Pharmacogenetics is a rapidly evolving scientific field, yet the knowledge and experience of pharmacogenetics amongst pharmacists generally, and particularly in Australia, is limited.13,16,24 This study has shown that the perceived level of understanding of pharmacogenetics is poor. This study also suggests that the pharmacists who have more recently graduated from university perceive that they have a more sound understanding of pharmacogenetics compared to those who have been working as pharmacists for longer. While this correlation was not strong due to a limited response rate and the impact of outliers on the data, it was statistically significant. This would suggest that pharmacists who have been practicing for longer require more education on the topic and may need education that is targeted at them specifically. Approximately 25% of respondents had learnt about pharmacogenetics by reading around the topic. Together with the qualitative data gathered, this demonstrates that pharmacists are interested in pharmacogenetics and may embrace education on the topic. However, while self-directed learning demonstrates initiative on behalf of the pharmacists, it may result in differing levels of knowledge and uneven standards of practice amongst pharmacists regarding pharmacogenetics. Therefore, guidelines and competency standards will need to be drafted and implemented to ensure that there is a consistent standard of practice among Australian pharmacists.
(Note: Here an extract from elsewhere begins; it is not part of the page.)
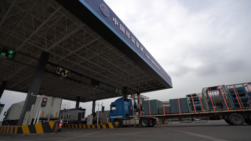 在霍尔果斯公路口岸,货车、商品车、工程车等排成长龙,从中国驶向哈萨克斯坦。

As illustrated by the results of this study and the conclusions of many others, pharmacists will need a sound understanding of pharmacogenetics in order to counsel appropriately and provide optimal pharmaceutical care to their patients.2,15,18,22,26,27 Previous studies have recommended that more targeted pharmacogenetics education initiatives be developed.22 The participants in this study generally agreed that this education should be delivered as part of a Bachelor of Pharmacy degree at university. Education directed at pharmacists who are already registered should be delivered via seminars and conferences which contribute to the pharmacist´s continuing education programs. As previously mentioned, education which is specifically tailored to a pharmacist´s experience and level of knowledge may need to be delivered. Therefore, pharmacists who have recently graduated from university may need less education on the scientific principles behind pharmacogenetics and may benefit from more intensive education about different pharmacogenetic tests and the clinical applications of these results. On the other hand, pharmacists who have been practicing for longer may require more education about the key principles behind the science of pharmacogenetics, as well as education about tests and clinical implications of these. As suggested elsewhere, teaching health professionals about the key principles of the science behind pharmacogenetics could help instil an appreciation of the future clinical importance of genomics, so that these pharmacists and doctors could be more motivated to lifelong learning of genetics and how it affects people´s health.23
Patient counselling was cited as one of the most important aspects of a pharmacist´s role which may be impacted upon by pharmacogenetics. However, when asked how well the respondents believed they could counsel a patient about a pharmacogenetic test result, the majority indicated that they would counsel poorly or very poorly. The importance of counselling and the provision of appropriate information to patients about pharmacogenetics have been noted as important aspects in the implementation of pharmacogenetics into healthcare.10 To ensure a suitably high standard of counselling and pharmaceutical care, a thorough education and understanding of pharmacogenetics by clinicians and pharmacists would be required.10
The impact of pharmacogenetics on the pharmacy profession, counselling, medicine use, the patient, education of pharmacists, as well as economic and ethical implications were identified as major themes through thematic analysis of the qualitative data gathered. Generally the respondents were positive about the impact of pharmacogenetics on pharmacy practice and the topics mentioned above. While the potential impact of pharmacogenetics on a pharmacist´s role has been discussed in international studies3,16,18,22,24,26,27, scant research had been conducted in Australia to determine pharmacists´ views on how pharmacogenetics may affect their roles. The views expressed in this study reflect those of overseas studies, namely that pharmacogenetics will impact upon pharmacy in specific ways. These include the potential for increased specialisation of and broadening of the skills base for pharmacy, the requirement for pharmacists to interpret pharmacogenetic test results, the need for increased counselling of patients in defined areas of genetic testing, the optimisation of medication regimes and doses, and the need and capacity to educate other health professionals.2,18,22 Some concerns were noted by pharmacists in this study, and these included the economic ramifications of pharmacogenetics on pharmacy, specifically, whether there would be the need to employ more staff given the greater time required by the pharmacist to counsel on and assess test results. There were suggestions also that the potential for reduced medicine use by patients could negatively affect the viability of some pharmacies. Privacy and ethical issues were noted, including whether pharmacists would have access to a patient´s pharmacogenetic test results or would need to depend on the patient disclosing the results. These concerns were similar to those raised in studies overseas,1-3,8,13,27 and describe issues that will need to be addressed prior to the implementation of pharmacogenetic testing in Australia to ensure pharmacists are comfortable and positive about their potential new roles.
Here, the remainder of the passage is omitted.